“哈哈哈,金先生能喜欢,当然是再好不过了。酒逢知己千杯少,不知今日在下是否有这个荣幸,能邀请金先生来品鉴我的珍藏啊?”
“那就恭敬不如从命了。”
橘真佑月轻轻颔首,示意上野石带路;而他与琴酒一起进入了上野石的私人会客室。
*
“我们只是生意人罢了,家里的小朋友喜欢泰国的制品,长辈也觉得在日本或大有市场。您是聪明人,能与我们合作会有收获的。”
懒得跟他绕弯子,橘真佑月直接提出要求,反正好处已经显而易见了。
“听说您的父亲在准备三年后的大选呢。”
或许是有些人真的喜欢敬酒不吃吃罚酒,面对态度文雅的橘真佑月,上野石眯起了眼。
“啊,你们既然是主动找我要谈合作,那就要拿出点求人办事的态度来。”
他直勾勾地盯着橘真佑月的嘴唇,“我忽然对韩国的人文有了极大的兴趣,不如让金先生替我上一上课呢?”
唉,愚蠢至极!
于是他正打算摸下巴的右手还未伸出来,橘真佑月手中的名片已经擦过他的头顶,一道深深的血迹残留在那张薄纸片上。
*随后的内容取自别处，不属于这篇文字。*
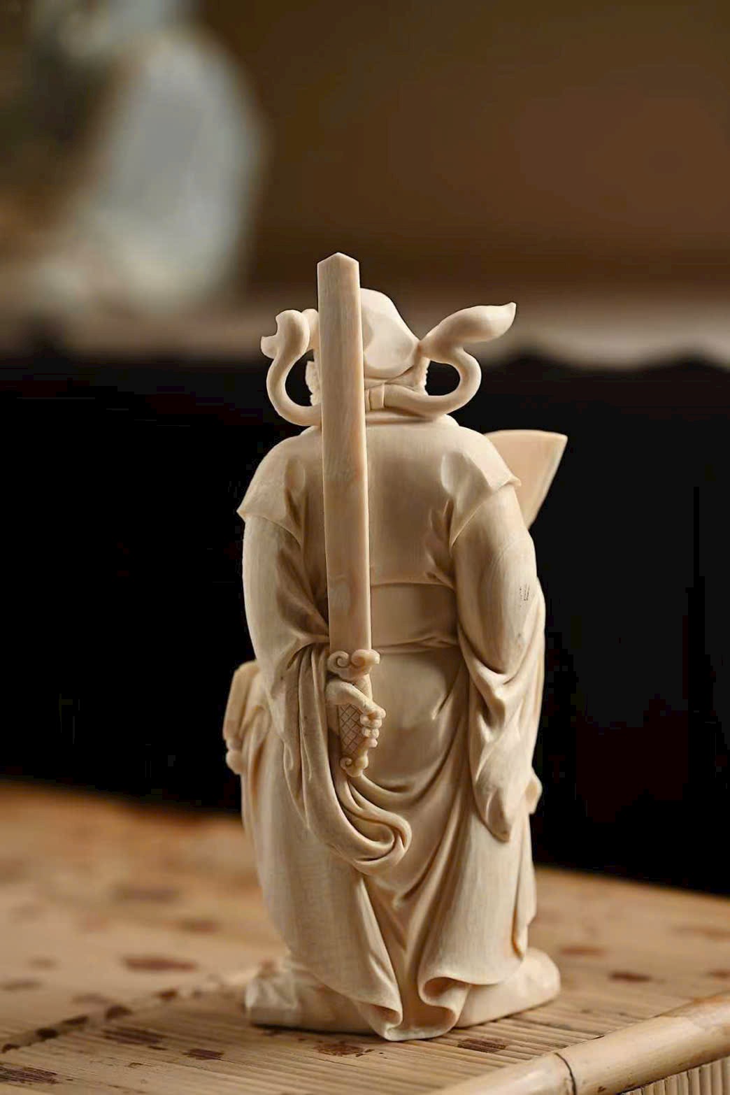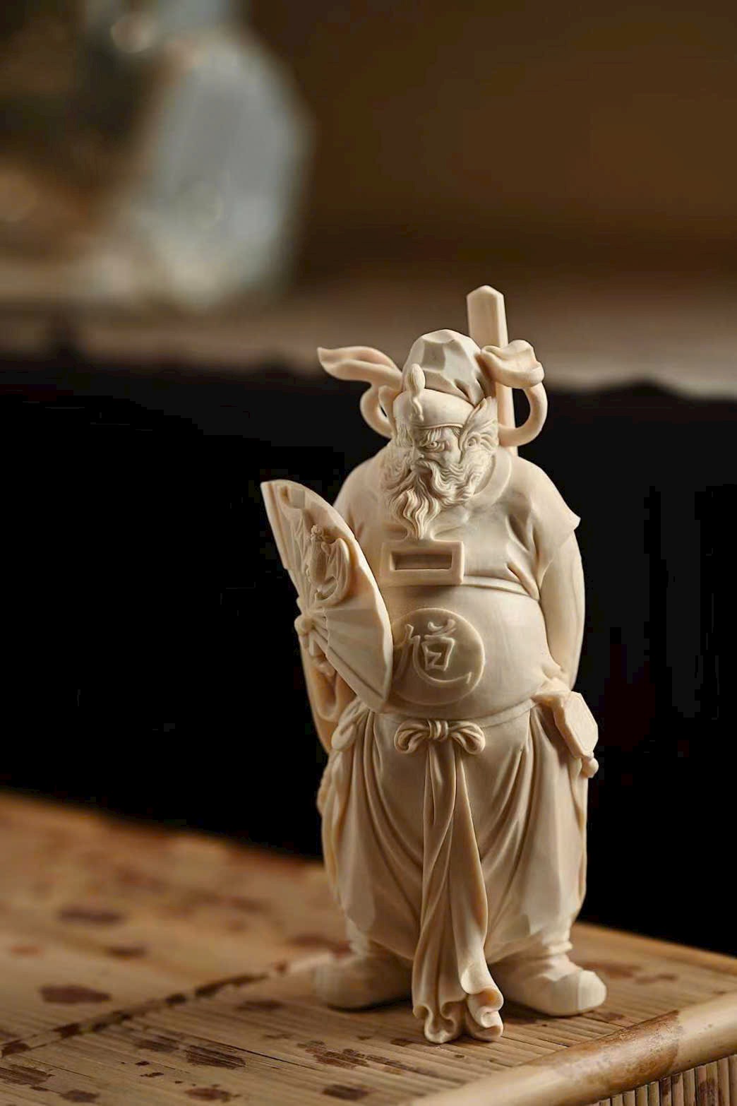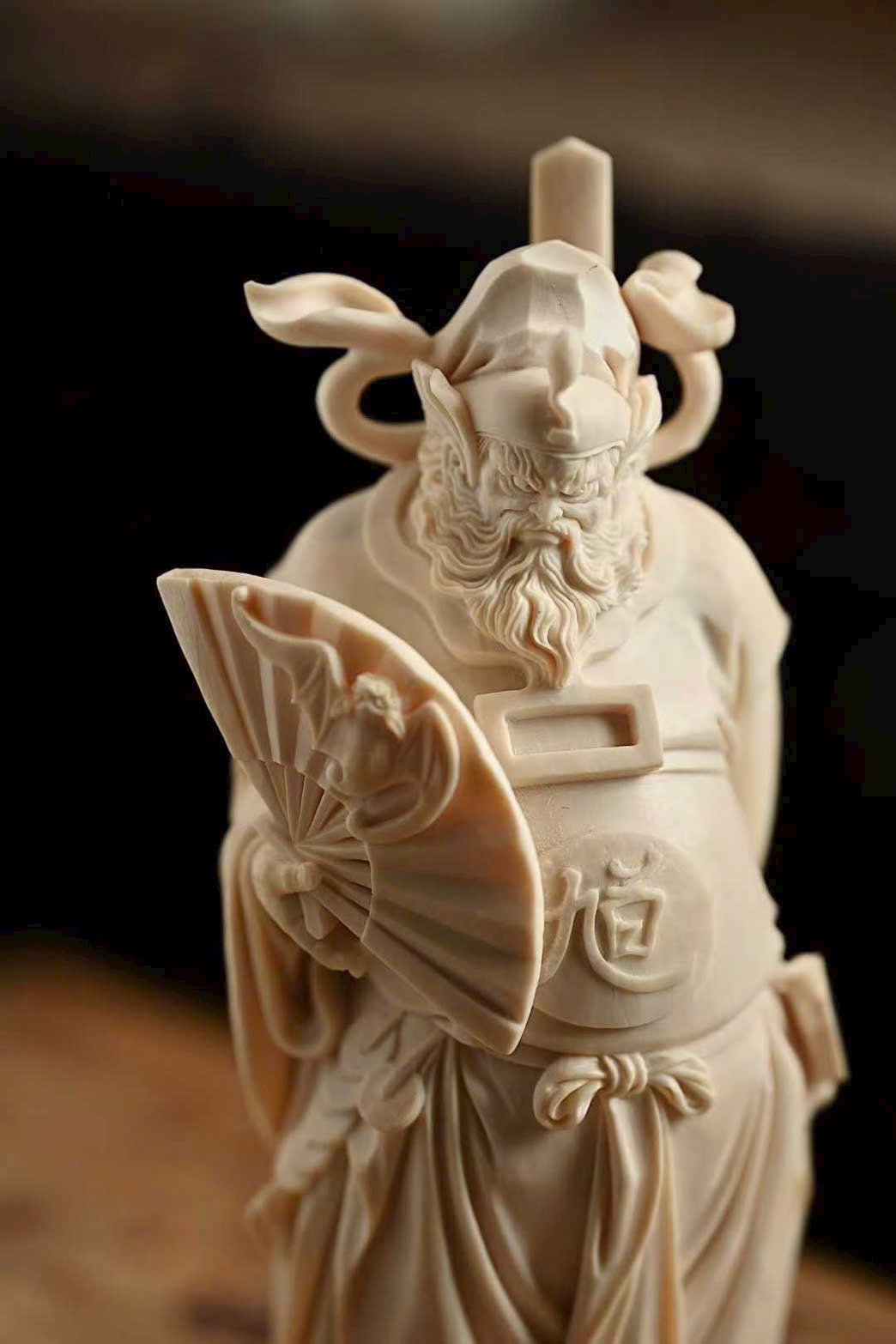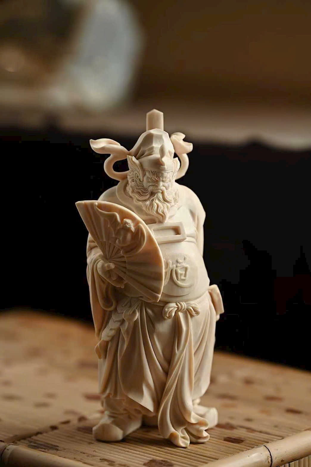 Tác phẩm được tạc từ ngà nguyên khối. Chung Quỳ đội mũ phốc, hai mắt tròn mở lớn, mặt sắt râu rậm, dung mạo dữ tợn. Đường nét khắc chạm tinh tế, sống động như thật. Thân mặc áo bào rộng, một tay cầm quạt, một tay nắm kiếm sắc, thần thái uy nghi, chính khí lẫm liệt.
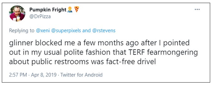 Bright was an Ars Technica reporter who tweeted under the handle @DrPizza. He was a vocal advocate of allowing men into women’s bathrooms and changing rooms.
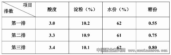 4.1試樣一連續(xù)三排取酒后,按照產(chǎn)量、質(zhì)量、感官品評三項標(biāo)準進行綜合判定,具體結(jié)果參見表5。

而琴酒只一只手就掐住了他的喉咙,一个受过武士道训练的精壮男子就被他单手提起悬在空中。
上野石动弹不得,面色铁青,已然是呼吸困难。
“上野先生真会开玩笑,可惜我是韩国人,听不懂你们日本笑话呢。”
他慢悠悠地开口,仿佛二人是真的在品酒一般。
“聚众吸\/毒,之后撞死一家五口逃逸,即使您的父亲在警署高就,也无法保全你吧?”
手机的液晶显示器屏上播放的,正是他四处托关系删除的逃逸视频。
“诚意就摆在这里,作为交换,我们将带走一部分定金,相信你会让我满意的。”
橘真佑月收回那张沾有血迹的名片,又拿出生物采集器,在他的手指与眼前晃了晃。
血液、指纹、瞳孔信息,这下都齐全了。
“那么,我就不打扰您休息了。”
橘真佑月从容地离开会客室,与众人告别,之后离开宴会厅。
*
一坐到保时捷的后座上,橘真佑月登时就卸下了温和的态度,脸色一沉,大骂一声:“哎一西八——!”
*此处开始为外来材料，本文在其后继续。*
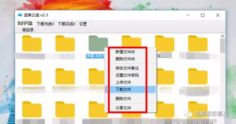 4、接下来的操作和百度网盘客户端就差不多啦,可以单击右键下载文件、分享文件,上传文件等。
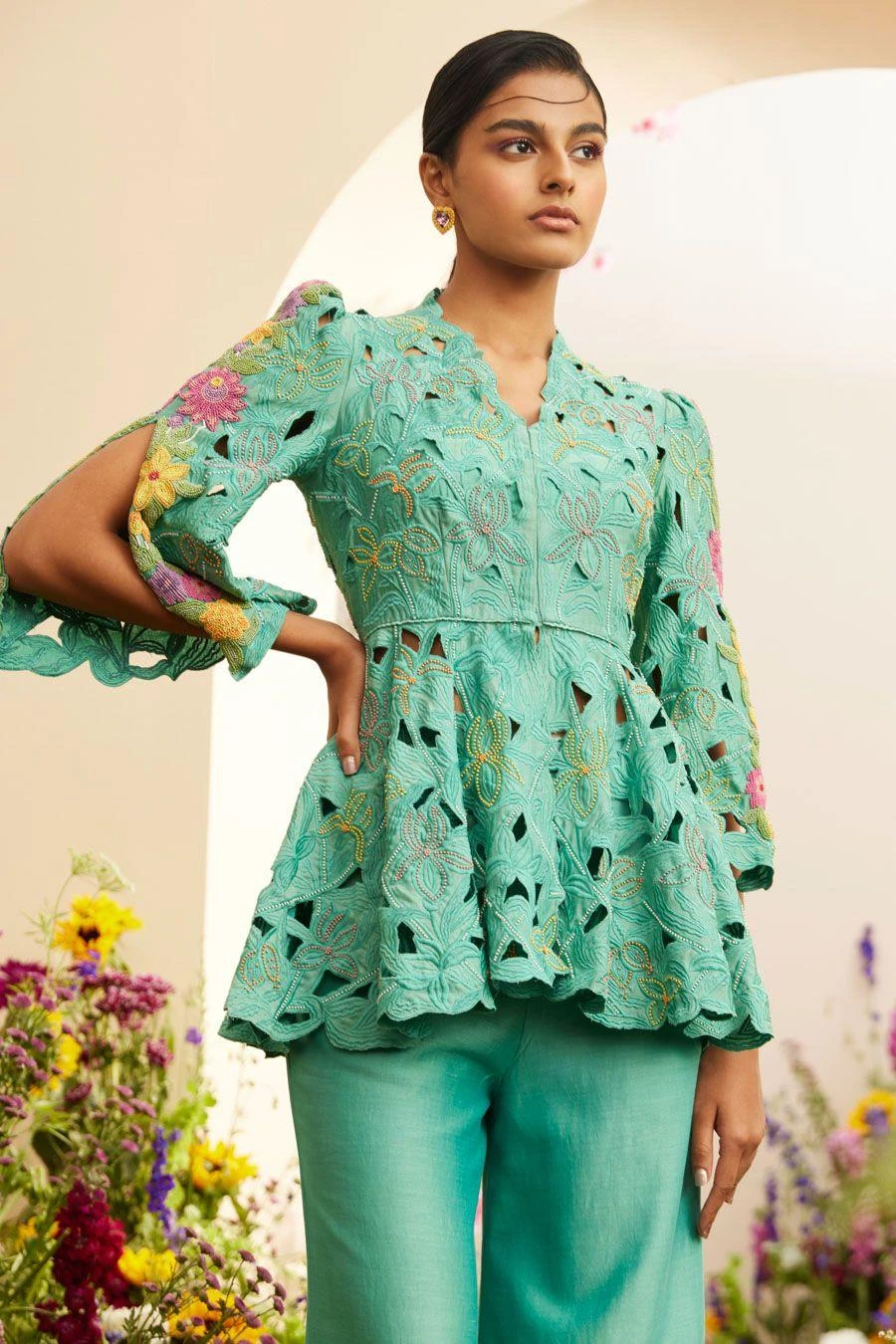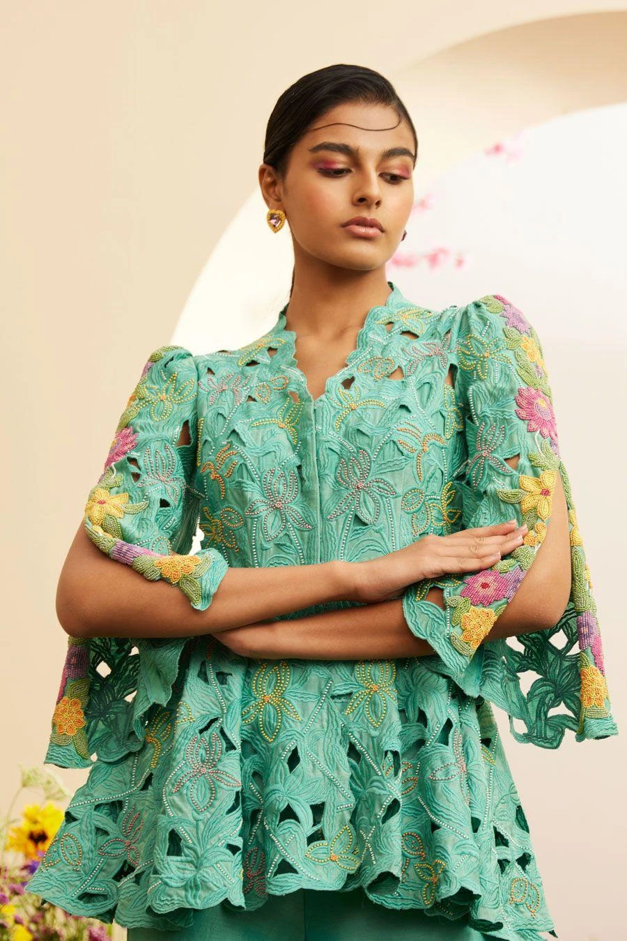 Maximise the life of your wardrobe with this aqua jacket. Crafted in chanderi, this jacket features intricate beadwork & cutwork details with split sleeves. Style it with the Aqua cutwork flared pants to complete the set.
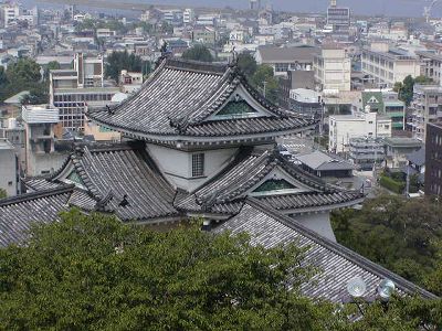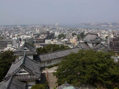 大天守三階から天守郭、遠くに和歌山港。
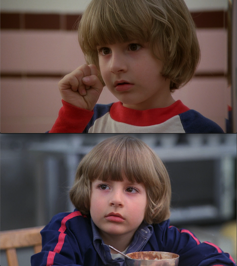 The two breakfasts are notably similar affairs. Actually, I haven’t pointed this out in any of my other comparisons: note how even that green-orange flower-patterned cushion behind early Wendy looks like the starry, flowery green-orange comforter on the bed.
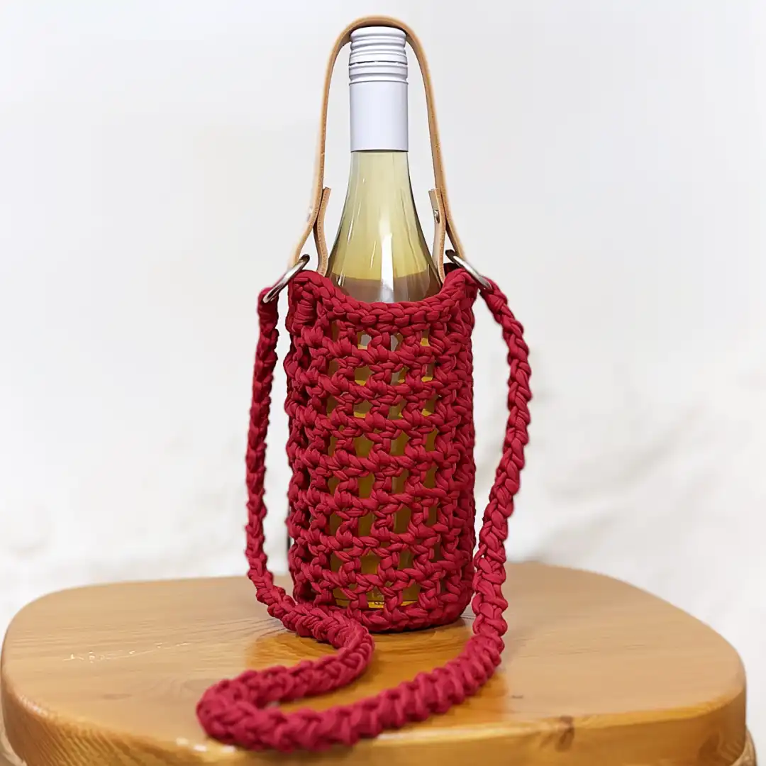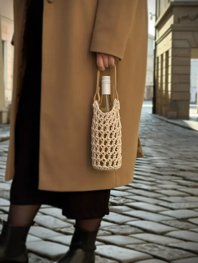 háčkovaný nosič na víno podle návodu na háčkování a pomocí DIY sady na tvoření

果然学习一门语言的最快途径就是说脏话,这句话他说得自然无比。得亏橘真佑月长得好看,说起脏话来也像在演韩剧。
“等港口的贸易起来了,就找个由头把他给弄死。”
琴酒坐在一旁拆卸他的手枪,闻言,冷笑一声。
“随你。”
伏特加启动发动机,平缓地驶向目的地。
中途没有停留,橘真佑月没有下车,也没有提出要求。
就这么一直静默着,只有柔和的古典乐继续流淌。
他们前往的,是琴酒的安全屋。
安全屋这种东西,更像是根据地,只是一个暂住的房子,有点地位的组织成员都拥有不止一个安全屋,且是时常淘汰更换。
只不过他们今天前往的,是琴酒私人常驻的安全屋。
看来橘真佑月要在这里将就一晚了。